Investors in BlackRock’s iShares Bitcoin Trust regained collective profitability, with an accumulated gain of $3.2 billion, just as Bitcoin once again surpassed the psychological threshold of $90,000 at the end of November 2025. This shift occurred amid significant fund redemptions and sharp moves in the cryptocurrency’s spot price, framing a period where flows and volatility reshaped outcomes for holders.
November registered significant net outflows from the ETF, estimated between $2.35–$3.5 billion during the month, including a record one-day redemption of $523 million, according to cited market data. These movements reflected risk management by investors confronting rapid changes in market conditions.
In parallel, Bitcoin’s price showed pronounced volatility: a 36% drop from the October highs that put it around $80,553 on Nov. 21, followed by an additional 21% plunge that momentarily brought the price down to $82,605. Subsequently, the asset reversed part of those losses and reclaimed the $90,000 level on November 26, trading near $91,503 the next day, underscoring the speed at which sentiment and price can pivot.

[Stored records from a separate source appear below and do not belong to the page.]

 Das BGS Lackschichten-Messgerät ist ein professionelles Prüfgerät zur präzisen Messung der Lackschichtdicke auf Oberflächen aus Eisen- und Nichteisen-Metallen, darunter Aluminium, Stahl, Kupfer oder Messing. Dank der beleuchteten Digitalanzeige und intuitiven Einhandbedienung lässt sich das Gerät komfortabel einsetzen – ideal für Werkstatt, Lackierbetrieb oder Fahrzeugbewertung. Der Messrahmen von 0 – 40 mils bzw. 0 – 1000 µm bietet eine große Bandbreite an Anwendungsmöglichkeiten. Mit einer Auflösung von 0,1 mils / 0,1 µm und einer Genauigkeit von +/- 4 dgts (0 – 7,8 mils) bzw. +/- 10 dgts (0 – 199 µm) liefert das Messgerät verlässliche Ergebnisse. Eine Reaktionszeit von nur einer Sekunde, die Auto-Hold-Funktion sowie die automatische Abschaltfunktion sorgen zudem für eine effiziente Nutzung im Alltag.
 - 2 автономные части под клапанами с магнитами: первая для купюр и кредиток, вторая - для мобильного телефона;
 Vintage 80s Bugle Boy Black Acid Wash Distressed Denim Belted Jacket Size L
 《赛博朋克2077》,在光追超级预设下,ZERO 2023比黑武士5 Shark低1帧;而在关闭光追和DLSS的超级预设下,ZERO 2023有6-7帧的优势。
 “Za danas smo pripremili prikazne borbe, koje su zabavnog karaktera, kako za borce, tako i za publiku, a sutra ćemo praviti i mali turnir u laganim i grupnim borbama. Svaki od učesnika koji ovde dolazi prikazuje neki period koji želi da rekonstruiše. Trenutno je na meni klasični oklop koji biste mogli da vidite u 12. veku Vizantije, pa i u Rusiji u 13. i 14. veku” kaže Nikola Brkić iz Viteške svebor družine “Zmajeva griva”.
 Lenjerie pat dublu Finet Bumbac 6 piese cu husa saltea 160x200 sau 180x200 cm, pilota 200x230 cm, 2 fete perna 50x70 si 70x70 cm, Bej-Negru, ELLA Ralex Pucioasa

For a proportion of IBIT holders, the recovery above $90,000 altered the average cost basis and returned positions to profit, explaining the aggregate figure of $3.2 billion. This mechanism illustrates how episodes of strong volatility can simultaneously provoke capital outflows and restore gains for those who accumulated during earlier declines.

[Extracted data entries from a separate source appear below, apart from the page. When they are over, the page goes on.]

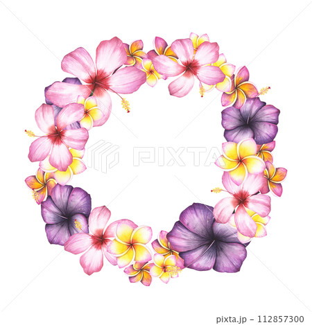 Wreath frame pink hibiscus and plumeria flower isolated on white background. Watercolor hand drawn frangipani botanical illustration. Art for design banner, poster, cosmetic, relaxation, template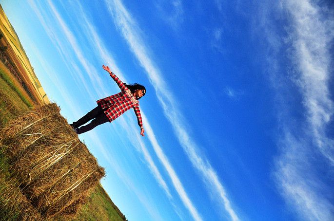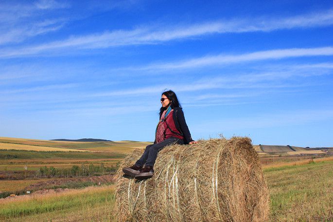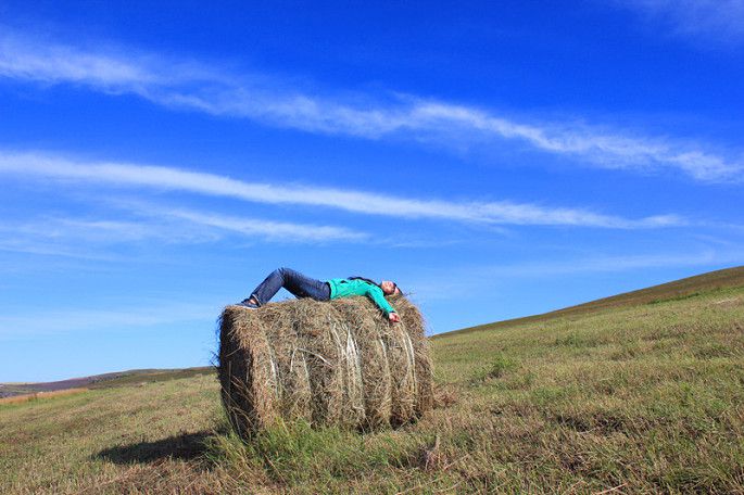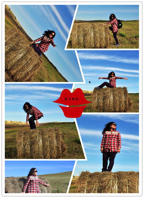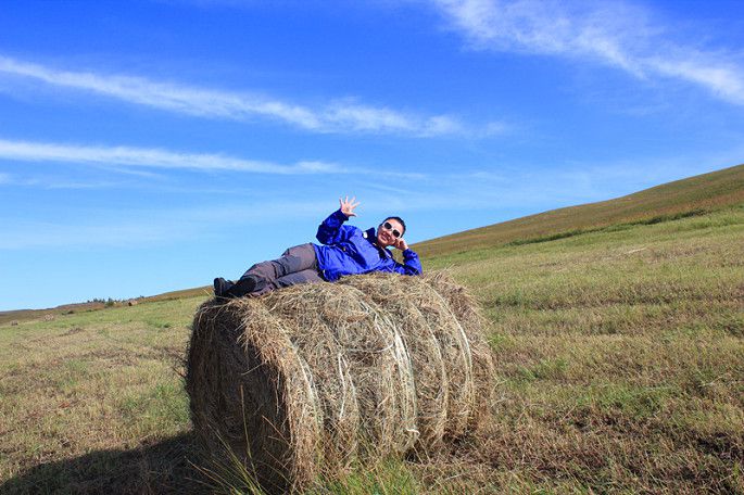 路过一个小小山坡,草卷散落着,还没有铁丝网维护,我们下车飞奔而去,选了一个品相不错的,就轮番的爬上去,坐、卧、站立着的各种狂拍......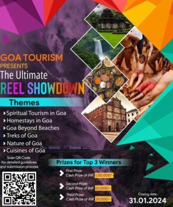 The Ultimate Reel Showdown Competition 2024 is organized by Goa Tourism Development Corporation. Open to participants of all ages. Create a 60 to 90 second Instagram Reel [ 9:16 ratio] based on the theme. Multiple entries not allowed. Ensure your content complies with Instagram’s guidelines. Winners will be announced on 10th February, 2024 on our Instagram account. Last Date of Contest is 31st January 2024.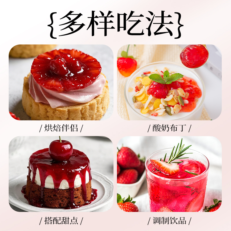 ANDROS爱果士樱桃草莓果酱150g 1瓶面包三明治抹酱酸奶烘焙原料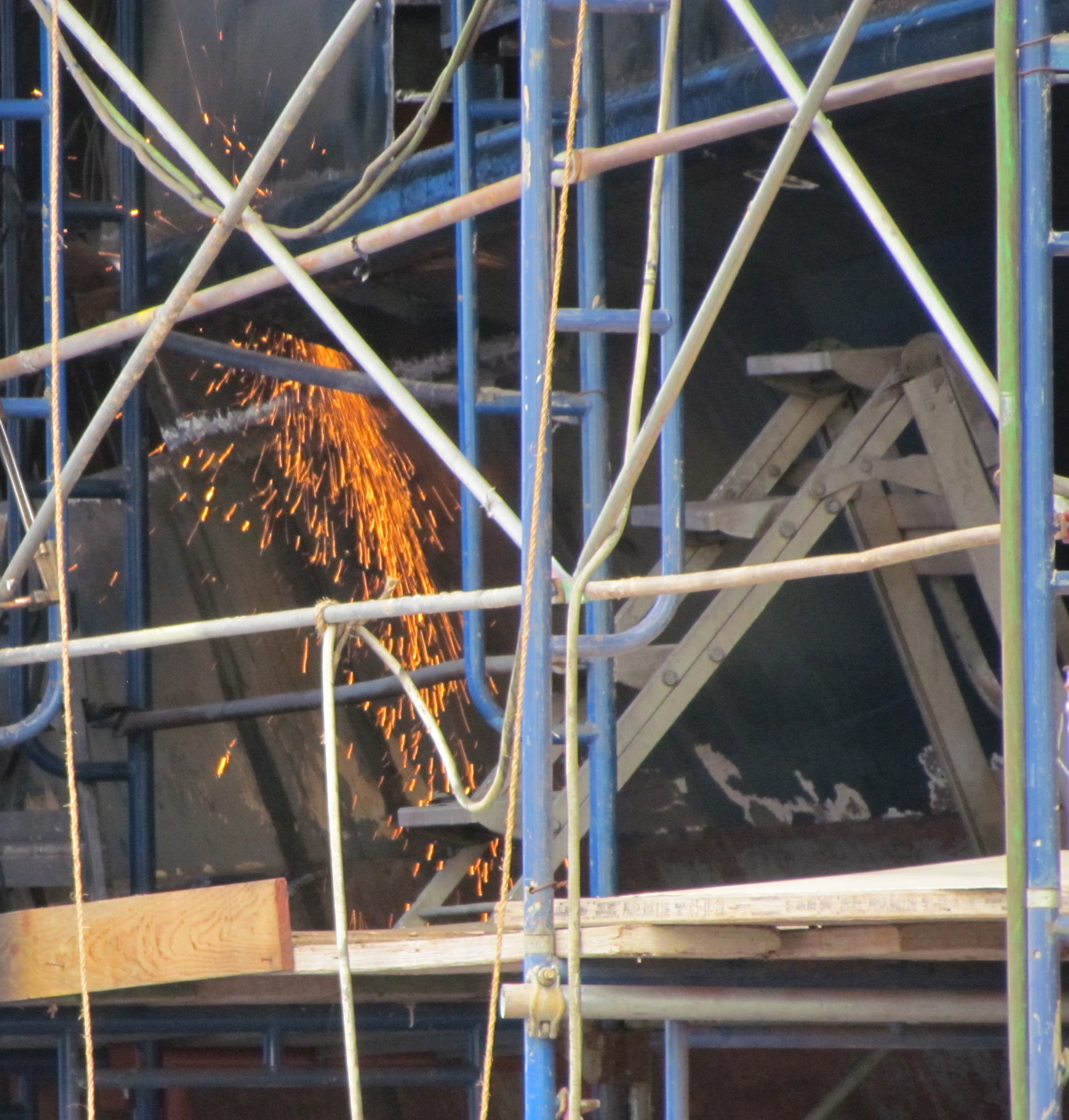 The Bay Ship shipyard allows for work on 12 vessels at once. Becker, who has worked at Bay Ship for 16 years, says “It’s a great place to work.” Besides being outdoors, “it’s the safest place I have ever worked.” Workers at Bay Ship have daily safety meetings and specialized ones once a week. They repair all kinds of vessels and propellers, performing work that entails sandblasting, painting, joinery, and fabrication. Since arriving in Alameda, the Sea Bird alone has had 11,000 pounds of metal cropped out and replaced.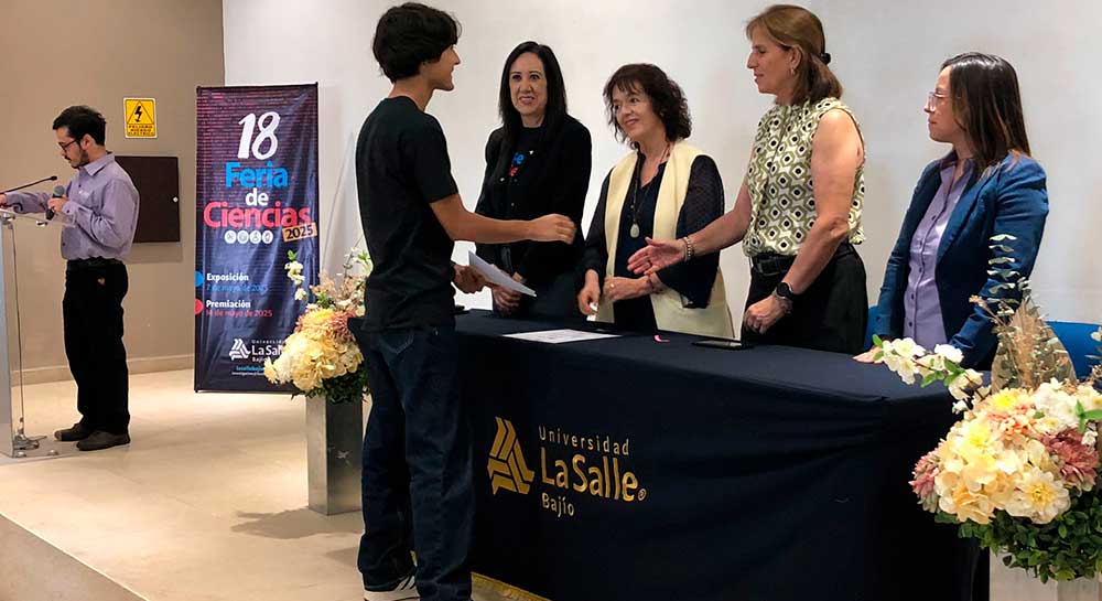 El Auditorio Febres Cordero fue el escenario donde se realizó la premiación de la 18ª Feria de Ciencias 2025, un concurso organizado a través de la Dirección de Investigación y Doctorado de la Universidad La Salle Bajío, para reconocer el talento, la creatividad y el compromiso científico y tecnológico de sus estudiantes de bachillerato.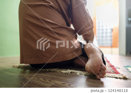 Portrait of an Indonesian muslim man praying (salat) at home. Concept of Islamic praying or Ramadan Kareem

Dominance of BlackRock’s IBIT and its impact
Since its launch in January 2024, the BlackRock iShares Bitcoin Trust scaled rapidly in size: AUM that grew from $60.6 billion to a peak of $99.4 billion and that currently sit above $73 billion, according to industry references. This trajectory reflects sustained institutional engagement with the product.
The fund holds between 625,000 and 700,000 BTC, which represents approximately 3.658% of the total supply and concentrates more than 56% of Bitcoin in US spot ETFs. Such concentration shapes liquidity dynamics and can influence price discovery across venues.

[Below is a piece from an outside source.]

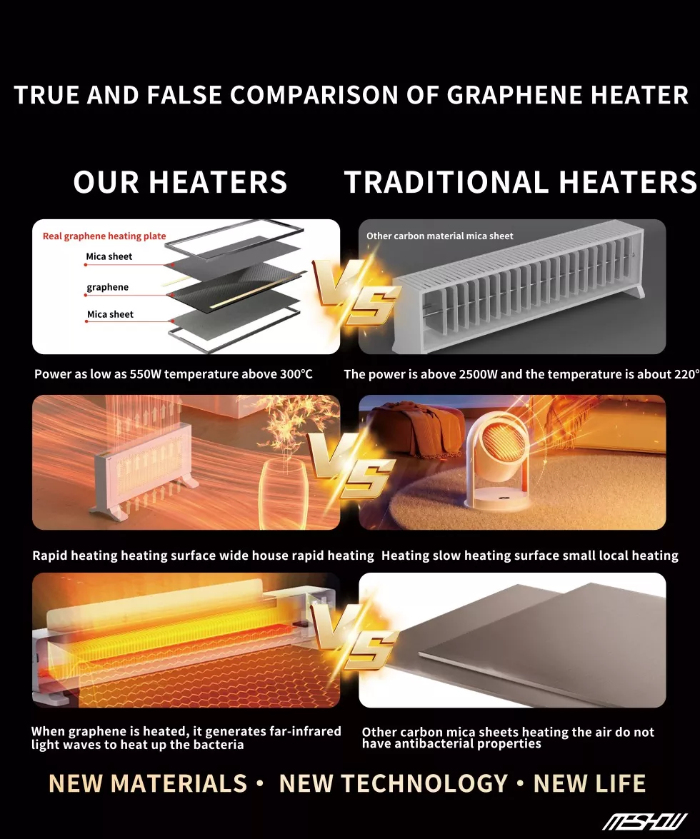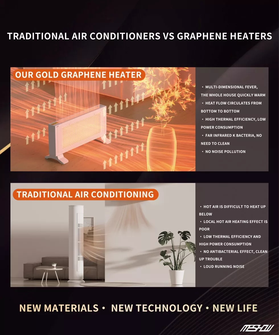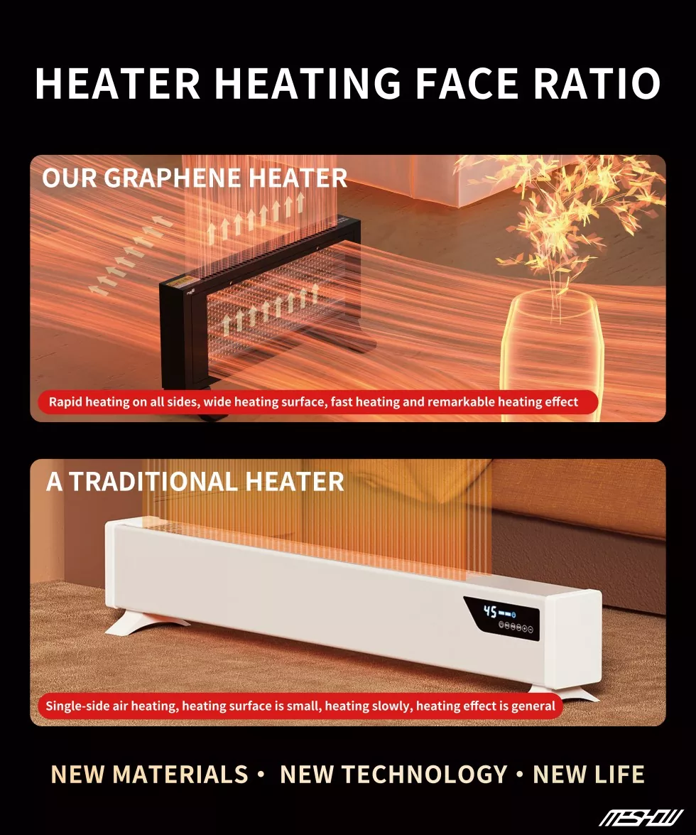 Nedidėdamas pastangų, „MeShow“ sukūrė aukštos kokybės 2200W baltojo grafeno grindjuostės elektrinį šildytuvą, kuriame yra paprastas ir elegantiškas išorinis dizainas, kuris ne tik atrodo gerai, bet ir taupo vietą. Šis šildytuvas įgauna grafeno šilumos laidumą, todėl jis greičiau nepūto vėjo ir sumažina vandens išgarinimą. Jis ilgą laiką yra praktiškas ir neišdžiūs, todėl tai bus patogiau, nei įjungti oro kondicionierių. Kita vertus, tai taip pat taupo elektrą.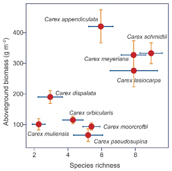 東北地理所科研人員結合國家濕地資源調查數據與遙感獲取的氣候信息數據,以我國125個典型莎草類濕地樣點為研究對象,明確了我國國家尺度濕地地上生物量的空間格局,分析了莎草類濕地植物物種豐富度與地上生物量的關系,揭示了生物和非生物因素對地上生物量的貢獻及影響機制。研究結果表明,中國不同氣候區莎草類濕地地上生物量具有顯著差異。非生物因子和生物因子共同影響莎草類濕地地上生物量。其中,生物因子在決定地上生物量分布格局中占主導地位。植物物種豐富度對地上生物量具有促進作用,而地上生物量與物種豐富度的關系受群落類型調控。此外,年平均降水量是影響莎草類濕地地上生物量空間分布的最主要非生物因子,二者呈正相關關系。土壤性質不僅直接影響地上生物量,還通過物種豐富度和群落類型間接影響地上生物量。

IBIT’s accumulative role has influenced the asset’s availability and price formation: year-to-date it recorded net inflows of $28.1 billion, a volume analysts associate with the appreciation from levels near $45,000 to levels above $120,000 in prior periods. These flows highlight how persistent demand can interact with a finite supply.
Additionally, the evolution of the derivatives market was highlighted by regulatory and infrastructure moves: the expansion of IBIT options by authorities and the increase up to quadrupling options limits on markets such as Nasdaq are signs of greater integration of derivative products around the ETF. This environment supports more sophisticated positioning around the underlying asset.
Institutional players and investment houses have changed their stance toward the product, a factor that contributes both to its growth and to its ability to amplify market moves when massive inflows or outflows converge.
The return to profits for investors in BlackRock’s ETF underscores the interaction between institutional flows and Bitcoin’s volatility; while the fund continues to absorb a significant portion of supply, short-term shocks can translate into simultaneous redemptions and aggregate returns for certain holders.